▸ **Excerpts from a dataset**
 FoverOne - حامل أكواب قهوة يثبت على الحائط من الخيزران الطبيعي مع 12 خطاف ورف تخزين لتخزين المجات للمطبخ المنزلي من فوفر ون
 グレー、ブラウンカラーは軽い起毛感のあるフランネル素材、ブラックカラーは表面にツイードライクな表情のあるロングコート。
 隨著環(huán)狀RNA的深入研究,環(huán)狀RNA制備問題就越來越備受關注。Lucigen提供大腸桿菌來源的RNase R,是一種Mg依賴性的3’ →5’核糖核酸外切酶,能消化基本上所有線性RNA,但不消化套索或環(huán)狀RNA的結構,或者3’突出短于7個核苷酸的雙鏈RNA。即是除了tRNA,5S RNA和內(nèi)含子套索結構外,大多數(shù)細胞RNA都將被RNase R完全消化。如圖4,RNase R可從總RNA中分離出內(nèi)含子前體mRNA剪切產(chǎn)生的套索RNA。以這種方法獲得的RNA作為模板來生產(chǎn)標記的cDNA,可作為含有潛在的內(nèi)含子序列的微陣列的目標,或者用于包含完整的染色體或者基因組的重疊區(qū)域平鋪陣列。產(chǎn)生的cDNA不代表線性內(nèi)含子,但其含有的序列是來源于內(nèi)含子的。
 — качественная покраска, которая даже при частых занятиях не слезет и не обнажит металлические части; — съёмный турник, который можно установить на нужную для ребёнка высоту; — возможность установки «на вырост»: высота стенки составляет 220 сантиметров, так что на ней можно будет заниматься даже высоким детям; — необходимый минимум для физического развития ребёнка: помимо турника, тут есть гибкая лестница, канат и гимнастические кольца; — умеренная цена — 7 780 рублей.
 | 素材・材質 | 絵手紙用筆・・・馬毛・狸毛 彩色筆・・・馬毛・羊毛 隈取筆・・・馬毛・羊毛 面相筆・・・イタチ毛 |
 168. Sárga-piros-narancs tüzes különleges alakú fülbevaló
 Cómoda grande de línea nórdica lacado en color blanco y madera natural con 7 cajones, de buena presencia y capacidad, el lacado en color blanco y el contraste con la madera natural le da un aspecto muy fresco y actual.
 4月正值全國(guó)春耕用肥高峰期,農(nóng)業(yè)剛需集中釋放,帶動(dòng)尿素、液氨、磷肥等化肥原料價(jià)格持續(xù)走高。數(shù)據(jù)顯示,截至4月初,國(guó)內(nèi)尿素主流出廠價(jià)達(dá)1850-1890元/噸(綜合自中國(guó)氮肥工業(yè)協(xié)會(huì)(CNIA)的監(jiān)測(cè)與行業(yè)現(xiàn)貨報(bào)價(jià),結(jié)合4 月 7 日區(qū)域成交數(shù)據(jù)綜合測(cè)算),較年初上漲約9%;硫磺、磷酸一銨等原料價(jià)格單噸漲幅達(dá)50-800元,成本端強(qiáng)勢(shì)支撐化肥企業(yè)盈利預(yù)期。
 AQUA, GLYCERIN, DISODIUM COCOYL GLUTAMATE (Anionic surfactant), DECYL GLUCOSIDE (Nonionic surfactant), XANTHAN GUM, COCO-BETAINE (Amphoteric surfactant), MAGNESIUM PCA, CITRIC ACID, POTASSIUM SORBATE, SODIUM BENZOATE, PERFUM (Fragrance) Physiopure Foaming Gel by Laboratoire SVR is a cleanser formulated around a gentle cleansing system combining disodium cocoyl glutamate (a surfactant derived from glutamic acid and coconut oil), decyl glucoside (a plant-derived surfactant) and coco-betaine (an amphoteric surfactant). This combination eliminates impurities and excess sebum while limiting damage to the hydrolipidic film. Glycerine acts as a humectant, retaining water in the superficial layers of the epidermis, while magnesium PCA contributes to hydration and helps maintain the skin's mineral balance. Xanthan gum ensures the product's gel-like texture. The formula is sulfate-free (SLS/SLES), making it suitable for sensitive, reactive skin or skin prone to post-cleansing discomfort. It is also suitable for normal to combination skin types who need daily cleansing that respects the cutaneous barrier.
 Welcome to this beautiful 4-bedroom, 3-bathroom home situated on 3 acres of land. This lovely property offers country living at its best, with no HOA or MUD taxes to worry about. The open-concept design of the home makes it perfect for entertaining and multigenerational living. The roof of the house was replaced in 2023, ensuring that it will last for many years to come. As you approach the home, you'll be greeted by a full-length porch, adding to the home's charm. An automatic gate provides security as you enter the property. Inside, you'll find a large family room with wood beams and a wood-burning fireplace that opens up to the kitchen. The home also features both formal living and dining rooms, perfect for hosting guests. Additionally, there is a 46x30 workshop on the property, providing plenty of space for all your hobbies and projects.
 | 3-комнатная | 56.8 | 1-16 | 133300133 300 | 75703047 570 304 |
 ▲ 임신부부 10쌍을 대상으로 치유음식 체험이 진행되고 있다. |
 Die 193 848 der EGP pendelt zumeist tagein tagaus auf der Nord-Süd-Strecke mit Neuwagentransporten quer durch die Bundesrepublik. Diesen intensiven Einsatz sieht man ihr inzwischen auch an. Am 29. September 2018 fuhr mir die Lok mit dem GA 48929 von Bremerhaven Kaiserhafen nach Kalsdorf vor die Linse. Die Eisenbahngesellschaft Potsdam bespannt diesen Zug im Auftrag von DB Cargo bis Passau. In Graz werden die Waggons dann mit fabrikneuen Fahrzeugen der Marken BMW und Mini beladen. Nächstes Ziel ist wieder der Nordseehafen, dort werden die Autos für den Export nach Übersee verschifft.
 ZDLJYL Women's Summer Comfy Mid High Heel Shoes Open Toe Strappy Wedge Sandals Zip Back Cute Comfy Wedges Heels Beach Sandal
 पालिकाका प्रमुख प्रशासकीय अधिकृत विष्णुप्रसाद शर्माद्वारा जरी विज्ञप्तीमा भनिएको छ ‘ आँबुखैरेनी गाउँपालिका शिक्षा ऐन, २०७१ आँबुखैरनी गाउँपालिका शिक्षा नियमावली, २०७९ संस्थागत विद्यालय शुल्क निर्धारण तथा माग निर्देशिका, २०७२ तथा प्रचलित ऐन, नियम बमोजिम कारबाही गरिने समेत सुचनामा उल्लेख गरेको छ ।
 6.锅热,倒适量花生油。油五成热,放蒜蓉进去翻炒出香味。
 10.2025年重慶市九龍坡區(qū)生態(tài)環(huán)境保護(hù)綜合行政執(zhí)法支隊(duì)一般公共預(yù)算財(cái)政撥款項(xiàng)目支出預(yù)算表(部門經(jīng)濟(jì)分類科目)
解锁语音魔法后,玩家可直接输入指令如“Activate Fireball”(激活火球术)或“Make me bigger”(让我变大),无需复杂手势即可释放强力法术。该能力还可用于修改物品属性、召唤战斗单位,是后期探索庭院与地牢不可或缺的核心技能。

▸ **Required work**
Working from the entries above, return all lines that contain "huán".

▸ **Final answer**
 隨著環(huán)狀RNA的深入研究,環(huán)狀RNA制備問題就越來越備受關注。Lucigen提供大腸桿菌來源的RNase R,是一種Mg依賴性的3’ →5’核糖核酸外切酶,能消化基本上所有線性RNA,但不消化套索或環(huán)狀RNA的結構,或者3’突出短于7個核苷酸的雙鏈RNA。即是除了tRNA,5S RNA和內(nèi)含子套索結構外,大多數(shù)細胞RNA都將被RNase R完全消化。如圖4,RNase R可從總RNA中分離出內(nèi)含子前體mRNA剪切產(chǎn)生的套索RNA。以這種方法獲得的RNA作為模板來生產(chǎn)標記的cDNA,可作為含有潛在的內(nèi)含子序列的微陣列的目標,或者用于包含完整的染色體或者基因組的重疊區(qū)域平鋪陣列。產(chǎn)生的cDNA不代表線性內(nèi)含子,但其含有的序列是來源于內(nèi)含子的。
 10.2025年重慶市九龍坡區(qū)生態(tài)環(huán)境保護(hù)綜合行政執(zhí)法支隊(duì)一般公共預(yù)算財(cái)政撥款項(xiàng)目支出預(yù)算表(部門經(jīng)濟(jì)分類科目)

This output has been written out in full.